» **Required action**: Only the lines from the start of the data below through the line that contains "5.把高麗菜捧進鍋中,先蓋鍋蒸炒3分鐘。" are to be copied, exactly and without pictures.

» **Data segment**:
= Beginning of Section =
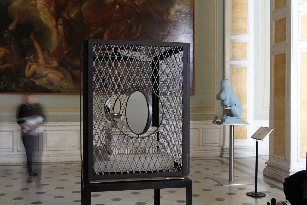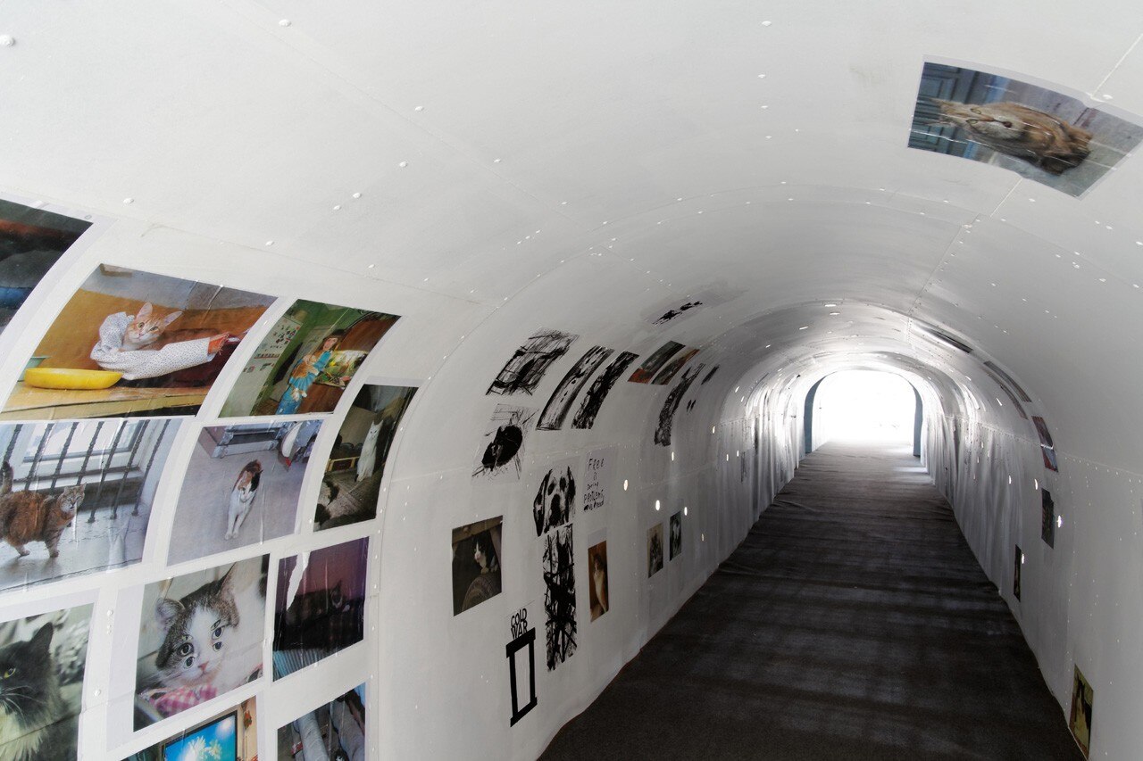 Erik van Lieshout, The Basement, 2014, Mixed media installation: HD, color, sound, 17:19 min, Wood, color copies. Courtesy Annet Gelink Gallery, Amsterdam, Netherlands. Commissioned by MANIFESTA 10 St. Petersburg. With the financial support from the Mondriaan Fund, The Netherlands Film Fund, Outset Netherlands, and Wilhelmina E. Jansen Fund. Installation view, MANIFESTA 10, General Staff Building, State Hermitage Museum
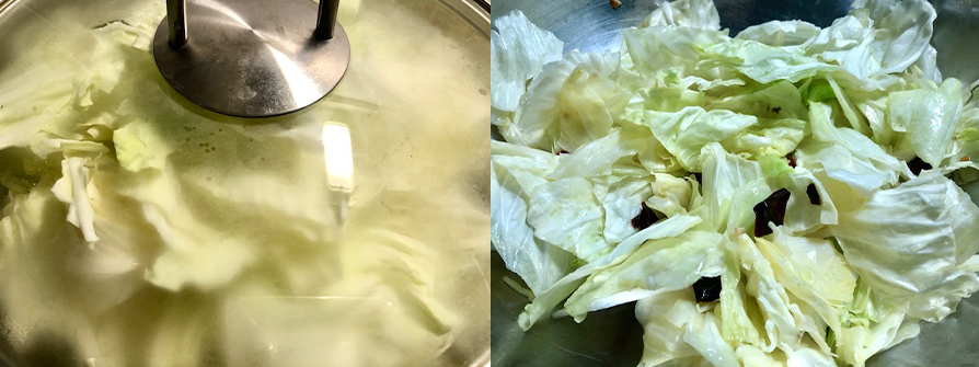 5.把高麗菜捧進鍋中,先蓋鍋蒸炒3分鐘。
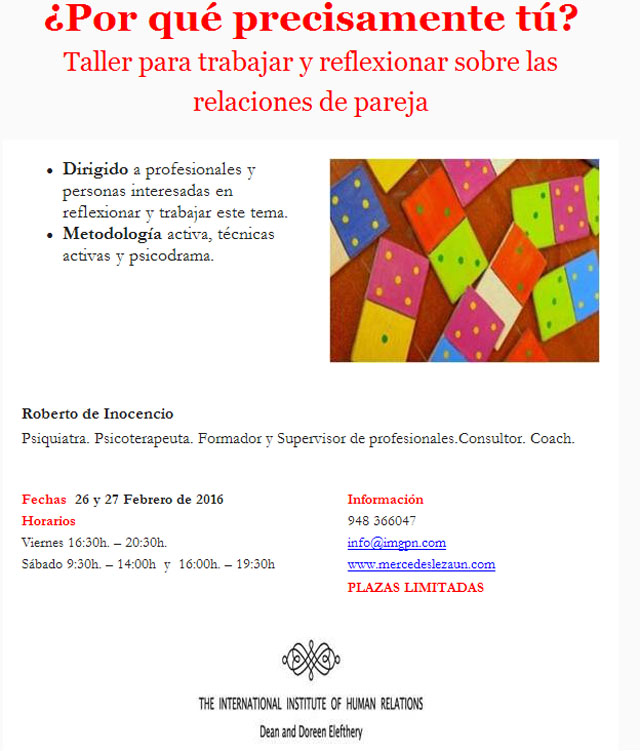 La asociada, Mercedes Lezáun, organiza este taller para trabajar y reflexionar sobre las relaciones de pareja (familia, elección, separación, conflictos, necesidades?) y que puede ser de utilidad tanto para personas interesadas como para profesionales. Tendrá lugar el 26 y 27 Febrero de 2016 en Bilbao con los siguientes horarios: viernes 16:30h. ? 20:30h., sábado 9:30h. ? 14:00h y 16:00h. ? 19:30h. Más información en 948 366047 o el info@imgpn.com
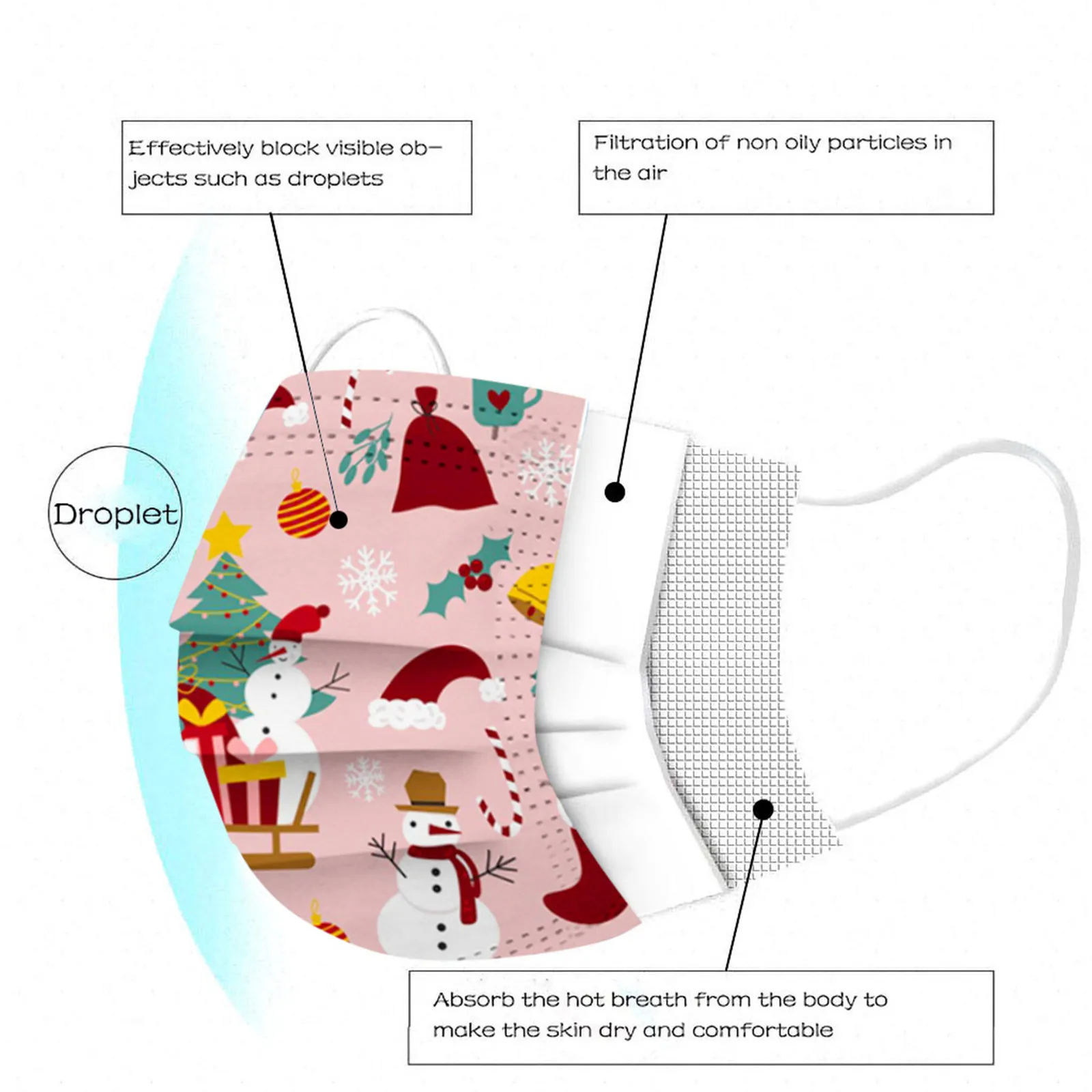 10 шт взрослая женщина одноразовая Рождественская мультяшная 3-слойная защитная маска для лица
= End of Section =
» **Solved problem**:
 Erik van Lieshout, The Basement, 2014, Mixed media installation: HD, color, sound, 17:19 min, Wood, color copies. Courtesy Annet Gelink Gallery, Amsterdam, Netherlands. Commissioned by MANIFESTA 10 St. Petersburg. With the financial support from the Mondriaan Fund, The Netherlands Film Fund, Outset Netherlands, and Wilhelmina E. Jansen Fund. Installation view, MANIFESTA 10, General Staff Building, State Hermitage Museum
 5.把高麗菜捧進鍋中,先蓋鍋蒸炒3分鐘。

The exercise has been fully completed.